GROUND / CH. 2: SIGNALS
GROUND
“Thank you, Aza. You saved my life, I'm sure,” Jakav said, later that evening. Jakav wasn't quite sure how, but somehow they'd ended up sitting next to each other, right at edge of the feast.
“You saved mine several times, I think. You're fast Jakav.”
“I told you. Changing is a survival tool, but so is not changing.”
“I'm thinking, Jakav,” she smiled at him, “that if you wanted to you could probably trap me right now, as fast as you did those predators.”
“Do you need trapping?” he asked, confused.
“Depends what long term plans you have.”
“I think I must be missing your meaning.”
“Have you ever heard people talk about how being close to death makes people feel alive?”
“Yes.”
“And helps them decide on priorities?”
“Yes, I've heard that.”
“So, you're unusual.”
“So you keep telling me, but you normally call me other names too.”

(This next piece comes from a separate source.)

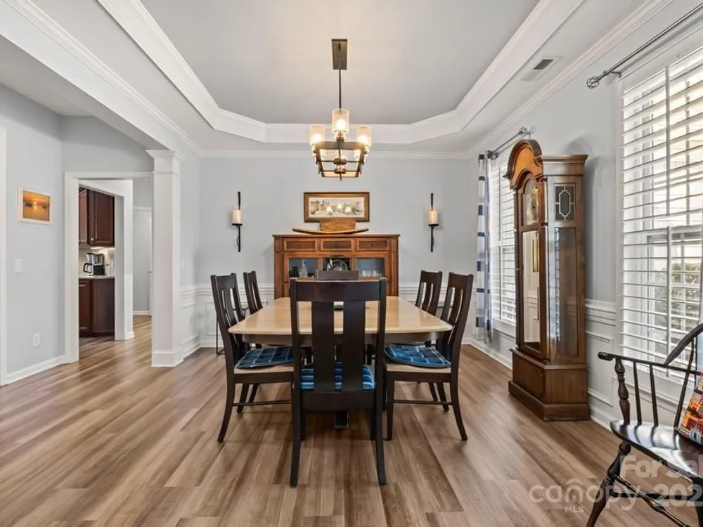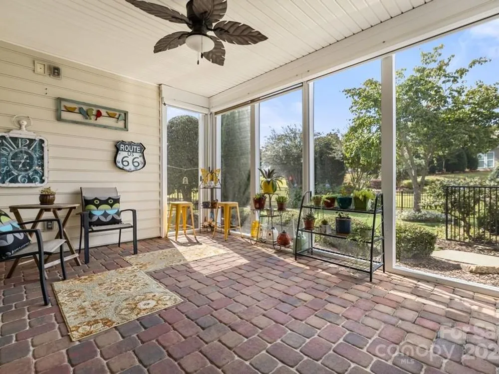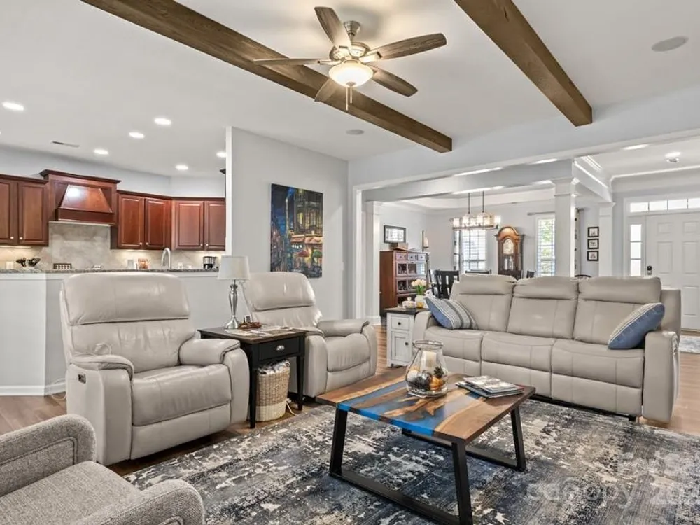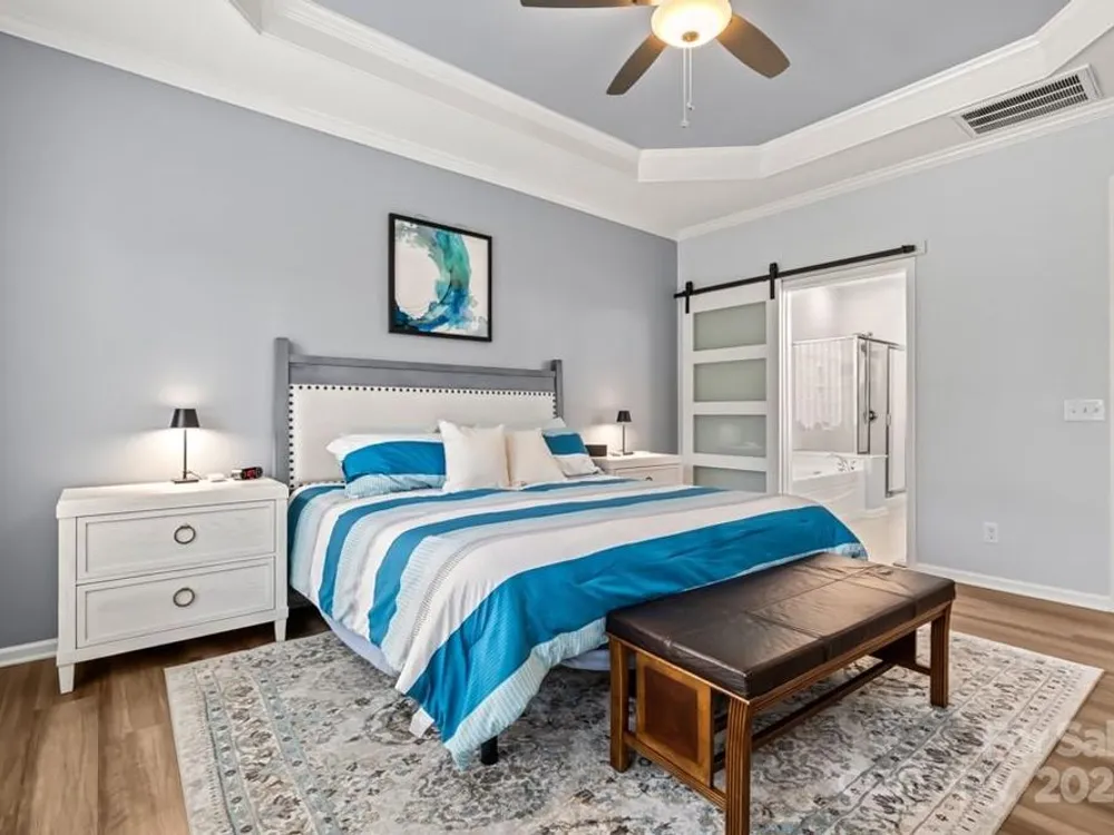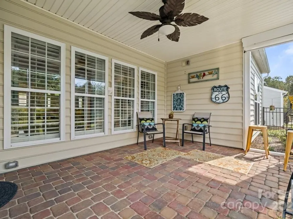 Enjoy meticulous, one-level living offering the desirable low-maintenance lifestyle you deserve, complete with upscale finishes and an open, airy floor plan. This home boasts glowing LVP flooring throughout, with a gas fireplace anchoring the open living room, and elevated with beautiful ceiling beams above. The dreamy chef's kitchen features SS appliances, gas cooktop, wall oven and built-in microwave, cabinet pantry, tons of storage and an adjacent breakfast nook. The classic Bluffton Cottage design offers an intuitive flow between the main living spaces, ideal for entertaining and daily comfort. Owner(s) can retreat to a spacious bedroom with tray ceilings and an ensuite bath with double vanities, soaking tub, walk-in shower and water closet and a large walk-in closet. Crossing the living area, two adjacent bedrooms, await your guests with a shared full bath. Step out to your screened-in porch overlooking a tranquil, landscaped backyard—your perfect spot for a morning coffee or an evening cocktail. Living in Sun City Carolina Lakes means having access to unparalleled amenities, including the stunning Lake House amenity center, 18-hole golf course, indoor and outdoor pools, tennis, pickleball, miles of trails, and a vibrant social calendar with various clubs. Plus, your HOA covers lawn care, giving you more time to enjoy it all.

“Unusual kept me alive today. You'd killed that pred before I could even move my blade. I've decided unusual is good, very good, worth keeping around, worth listening to.”
“Aza....” he wasn't sure where this conversation was going but it sounded like she was saying she'd like to be more than just a friend. But how did you check that? He could hardly ask her if she was suggesting he ought to propose. Could he?
“Yes.” She said, as though she was answering a question. He caught the scent of her breath and he savoured it. She'd always made his skin want to thin, and tonight, her feminine mix-enzymes seemed stronger than ever.
“What my mum said,” he paused for breath,
“It got me thinking, yes,” Aza said.
“Err, which bit?”
“Survival of the species, genetics, love. My mother suggesting your mother mix. Your dad telling me he knew I found the 'tender expressions' bit funny.”
“He was right?”
“Of course he was. So was your mother. Have you noticed how often we argue?”
“Yes.”
“Have you noticed what we argue about?” she asked.
“Pretty much everything, it seems.”
“Analyse it better. Do we argue about food?”
“No.”
“Drink?”
“No.”
“Colours? Flowers and other decorations? What makes a nice house?”
“No. You have the same taste as my mum.”
“Not your dad?”
“No.”
“Why not as your dad, if I've got the same brain as him?”
“I don't know. Gender, maybe?”
“What about you?”
“I side with mum, mostly. OK, so not just gender, good taste too,” he joked.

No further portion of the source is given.